Sulaiman cited North America as accounting for 85% of all activity in world boxing, leading to great potential for the NABF based on fighter volume alone.
After lunch, several more speakers took the podium. This writer was especially privileged to speak on the relationship between the media and the sport of boxing. (Fightnews’ Gary “Digital” Williams will cover that presentation).
California State Athletic Commissioner Andy Foster gave a very analytic and informative presentation on his methods for approving matches. Foster uses an interesting series of statistics regarding proposed “opponents” brought into California- called the “Boxing Severity Index.” The incoming opponent’s activity, recent record, KO or TKO (loss), age and ring age (rounds) are all brought into question and analyzed.
California judge Steve Morrow, also a former police officer and boxing writer, gave an emotional talk about his improbable trip in boxing.
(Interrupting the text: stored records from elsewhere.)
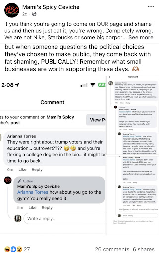 There is just something so ironic about serving Mexican cuisine and then flouting your support for politicians who demonize Mexican immigrants. This is a poorly run business whose owners love to use social media to pontificate about the teachings of Christ while regurgitating violent rhetoric about people who don't share their political beliefs. Mami's loves to make provocative generalizations on their page but will stoop to insulting their own patrons when their (poorly formulated) ideas are challenged. If you want ceviche with a side of condescension, this is it. Personally, I prefer one of the dozens of humble, locally owned businesses in my community that don't insult their own gente and who treat their clientele with respect...
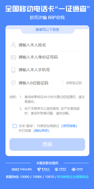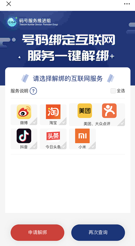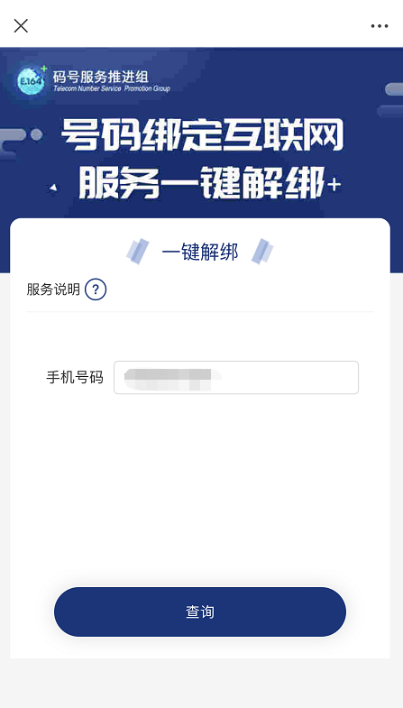 号码绑定“一键查询”服务:提供查询本人持有号码期间注册绑定的互联网账号情况。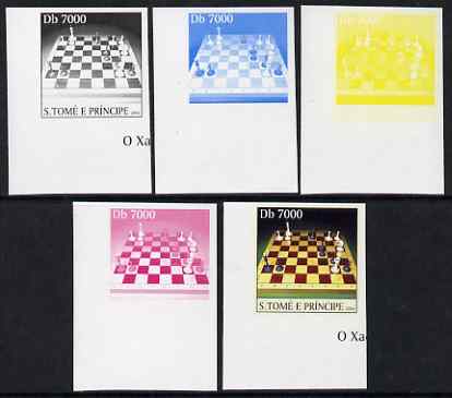 St Thomas & Prince Islands 2004 Chess 7,000 Db the set of 5 imperf progressive proofs comprising the 4 individual colours plus all 4-colour composite, unmounted mint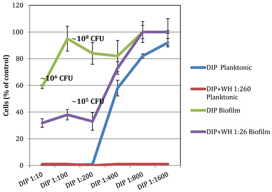 The effect of DIP +/− WH on the growth of planktonic vs. biofilm S. epidermidis. S. epidermidis (planktonic or biofilm cells) cells were grown with increasing amounts of DIP in the absence or presence of WH 1:260 or WH 1:26. Cell density was determined at OD 630 nm and the amount of biofilm was determined by staining. CFU was determined by plating. Percentages of control values are presented; control (TSB) or WH at the tested dilutions representing 100%. Experiments were done in triplicates and standard deviations presented.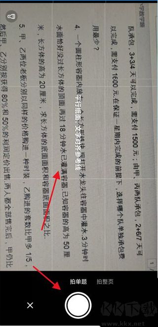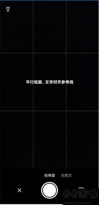 3、用手機(jī)攝像頭對(duì)準(zhǔn)題目使參考線平行于紙面文字,點(diǎn)擊拍攝按鈕。
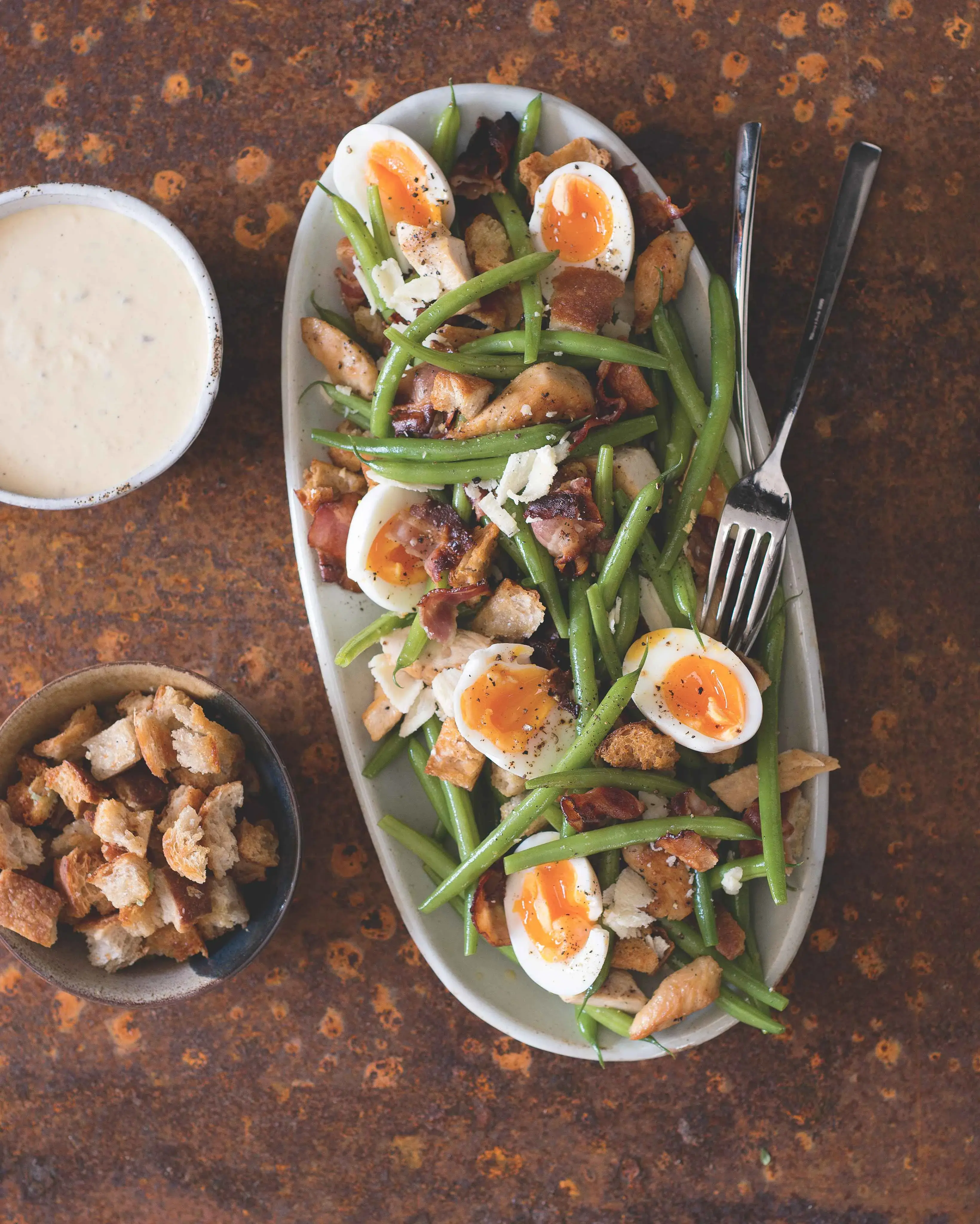 Volně jsme se inspirovali klasickým salátem Caesar, vypůjčili si jeho nepřekonatelnou zálivku a zkombinovali ji se zelenými fazolkami. Výsledek nás naprosto uchvátil!

Morrow expressed his appreciation for being able to “do something that not everybody does in this world.”
The banquet saw another delicious buffet complimented by an entertaining awards ceremony as well as a raffle. Over $4000 was raised for the Dallas police department on this night. The high bid item was a framed original fight program and ticket from the second Cassius Clay vs Sonny Liston fight in Lewiston, Maine which went to the WBC’s Jill Diamond for a nice sum of $2525.
Awards presented included:
Service Appreciation- Deb Hawkins
Woman of the Year- Joanna Aguilar
Welcome Back Award- Michael Ross
Appreciation Award- Barry Lindenman
Newcomer Award- Travis Ford
Grey In The Dark Award- Kevin Scott
Champion of the Year- Oscar Cantu
Match Maker of the Year/Man of the Year- Robert Diaz
Commission of the Year- California (Andy Foster)
Promoter of the Year- Golden Boy (Robert Diaz)
Fighter of the Year- Joseph Diaz, Jr.